Plain HTML

The response will be plain HTML if you do not explicitly specify the output types with your request. This applies to both whether JavaScript rendering is enabled or disabled.

Example request:

curl --request GET \
    --url 'https://app.scrapeautomate.com/api/scraper?api_key=<exampleToken>&render=false&url=https%3A%2F%2Fexample.com%2F'  
<!doctype html>
<html>
<head>
    <title>Example Domain</title>

    <meta charset="utf-8" />
    <meta http-equiv="Content-type" content="text/html; charset=utf-8" />
    <meta name="viewport" content="width=device-width, initial-scale=1" />
    <style type="text/css">
...

Markdown

ScrapeAutomate allows you to generate markdowns from a webpage very easily. By including the markdown=true parameter in your request, the response will be returned in Markdown format. This is useful for extracting content for LLMs or simplifying web data for better readability.

You can use this with both javascript rendering enabled or disabled, but you might need to use javascript rendering when loading dynamic content from a webpage.

Remember, ScrapeAutomate automatically removes unnecessary elements, such as navbars, from the body content.

curl --request GET \
    --url 'https://app.scrapeautomate.com/api/scraper?url=https%3A%2F%2Fexample.com%2F&api_key=<exampleToken>&markdown=true'  
https://example.com/
# Example Domain

This domain is for use in illustrative examples in documents. You may use this domain in literature without prior coordination or asking for permission.

[More information...](https://www.iana.org/domains/example)

Screenshot

To capture a screenshot of the webpage, we provide two query parameters. Screenshots are currently available only in PNG format:

  • screenshot: Capture a screenshot of the visible area of the webpage.
  • screenshot_full_page: It captures a screenshot of the entire webpage, including the parts that are not visible.
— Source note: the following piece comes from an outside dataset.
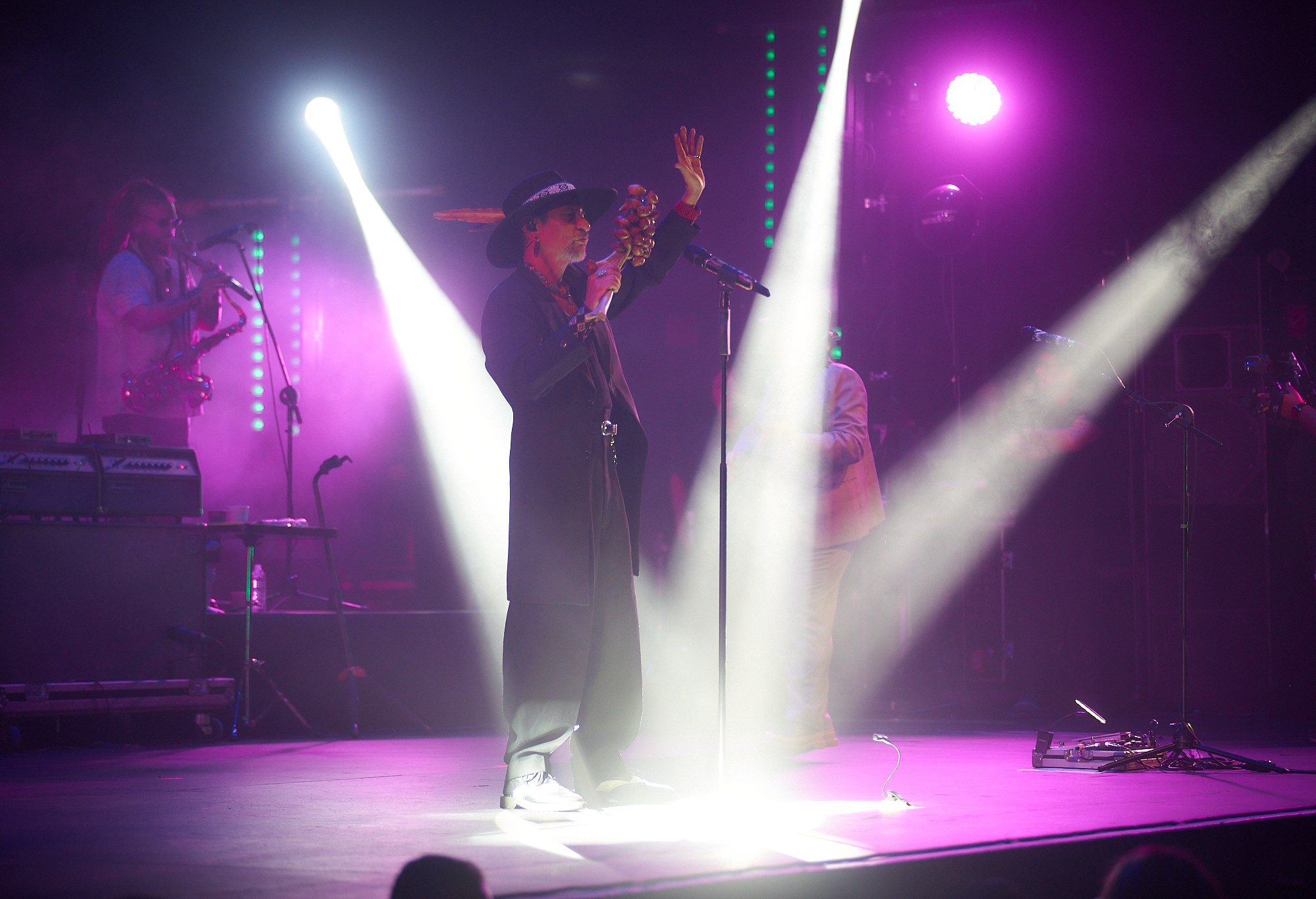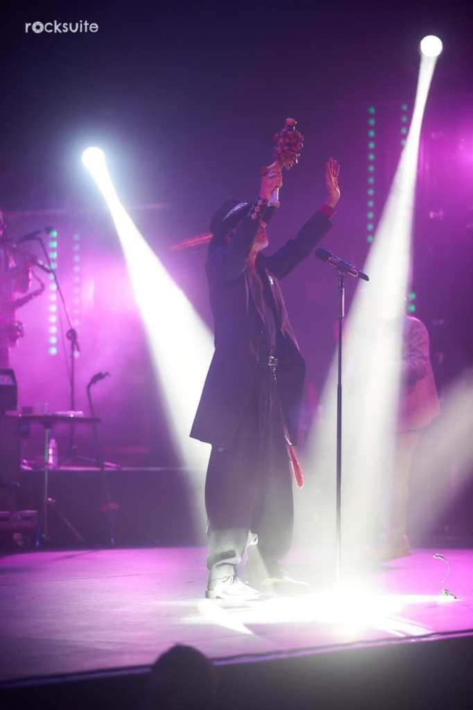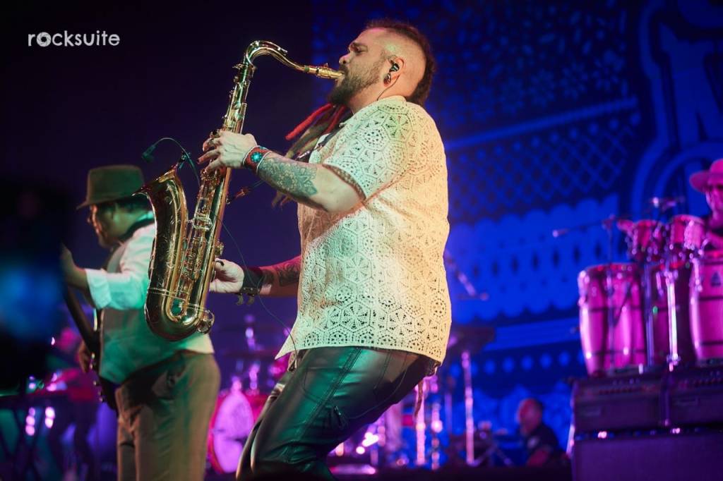 Como suelen hacerlo, iniciaron con los clásicos inciensos y el saludo a los cuatro rumbos del universo, un momento lleno de paz antes de dar comienzo a los primeros acordes de “Solín”, con las que desatan la energía de todos los asistentes y continuar con “Quinto patio Ska”. Antes de la tercera canción, Roco Pachukote invitó a los asistentes a soltar todo lo malo, lo que cargamos y nos afecta tanto, pues ya “Lo pasado, pasado” con lo que entramos en confianza y además disfrutamos de la gran versión de uno de los himnos del Príncipe de la Canción.

Since screenshots rely on rendering the page visually, JavaScript rendering must be enabled to use this feature.

Screenshot of Visible Area

To capture a screenshot of the visible area, include the screenshot query parameter and set it to true with a request. The response will contain a png image.

curl --request GET \
    --url 'https://app.scrapeautomate.com/api/scraper?api_key=<exampleToken>&render=true&url=https%3A%2F%2Fexample.com%2F&screenshot=true'  

Full Page Screenshot

To capture a screenshot of the entire page, set the screenshot_full_page parameter to true. This will take a full-page screenshot of the webpage and return it as part of the API response.

curl --request GET \
    --url 'https://app.scrapeautomate.com/api/scraper?api_key=<exampleToken>&render=true&url=https%3A%2F%2Fexample.com%2F&screenshot_full_page=true'  

Webhook

If you prefer to have your responses sent to a webhook instead of receiving them directly, you can utilize our Webhook feature. To use the webhook you need to simply include your webhook_url in the query parameters, and the API will send the response to that webhook. You can receive all types of responses, including HTML, Markdown, and screenshots.

curl --request GET \
    --url 'http://localhost:8002/api/scraper?api_key=<exampleToken>&render=true&url=https%253A%252F%252Fexample.com%252Fees&config=%7B%22window_width%22%3A1920%2C%22window_height%22%3A1080%7D&webhook_url=https%3A%2F%2Fwebhook.site%2F7132edb4-8590-4bc0-9055-30e2153936d1'  

When you call the API, it will automatically send the response to the specified webhook instead of returning the response data directly to the requester. However, you will still receive a confirmation indicating whether or not the webhook was successfully triggered. Here’s an example:

{
  "status": "ok",
  "message": "Webhook sent successfully"
}

One important thing to note is that if you use a webhook, you will always receive a success message in response to your API request, even if an error occurs during the scraping process. Any errors encountered will be sent directly to the webhook rather than being returned in the main request.

This functionality also applies to API workflows. Just ensure that you include the webhook URL in the query parameters when creating or editing the workflow. This way, when you send a request to the scraper route, the response will be delivered directly to the specified webhook.